Two numerical simulation cases were conducted corresponding to the two validation experiment cases as shown in Table 2. The simulation case 1 was conducted at 291 K and atmospheric pressure, while case 2 was conducted at 288 K and atmospheric pressure. The orifice diameter for both nozzles was 1.2 mm. The spray injection flow rate was set as 2 L/min for both simulation cases. The measured droplet size and spray angle of nozzle 1 and nozzle 2 were used in simulation case 1 and case 2, respectively. The accumulation of spray water at the bottom of the vessel was neglected by setting those spray droplets would disappear once they hit the internal wall of the vessel. The adjustable time step was chosen for all simulation cases under the condition that Courant number Co < 1. The convergence criteria were set as 10−6 for all transient terms.
Nine size groups of aerosol particles with diameters from 0.2 to 1 μm were treated as nine gas species named from AP2 to AP10, as shown in Table 3. And the initial aerosol mass at different diameters for simulation was obtained from the measured experimental data. It was assumed that aerosol particles were uniformly dispersed inside the vessel at the beginning of two simulation cases.
Mesh Independence Check
Mesh independence check was conducted by comparing the simulated time evolution of total aerosol mass using three mesh schemes.
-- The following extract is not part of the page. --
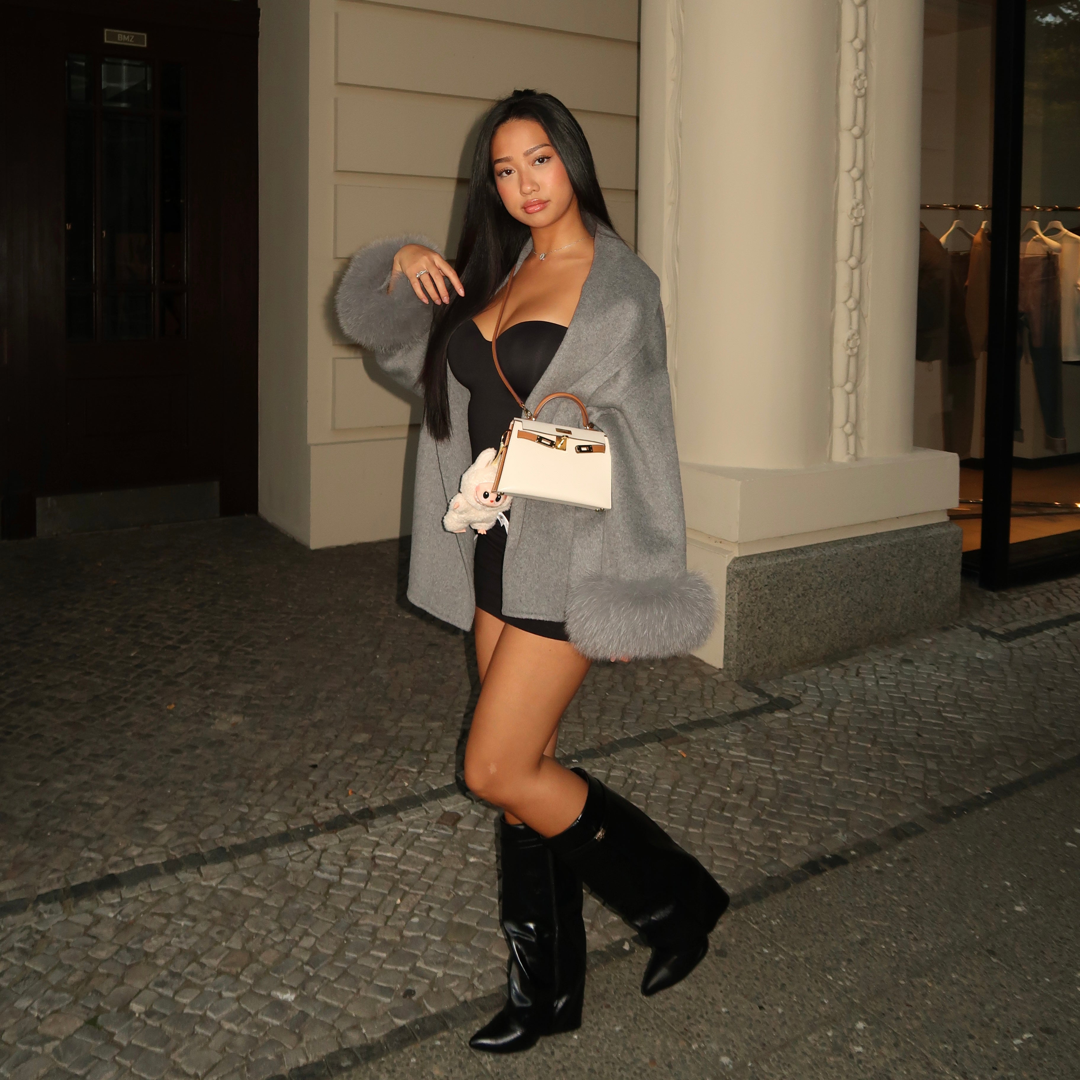 Exklusives Set: Wollmantel & Calianté Shark Boots in Weis

Take simulation case 1 as an example, the comparison of simulation results using three meshes is shown in Figure 5. According to Figure 5A, the simulation result using coarse mesh was smaller than the results using the other two meshes. If we focus on the details between the spraying time of 1,100–1,200 s as shown Figure 5B, it was found that the maximum difference ratio of simulation results between coarse and medium meshes was 3.82%, while it was only 0.54% between medium and fine meshes. So, the medium mesh was chosen for the following simulation.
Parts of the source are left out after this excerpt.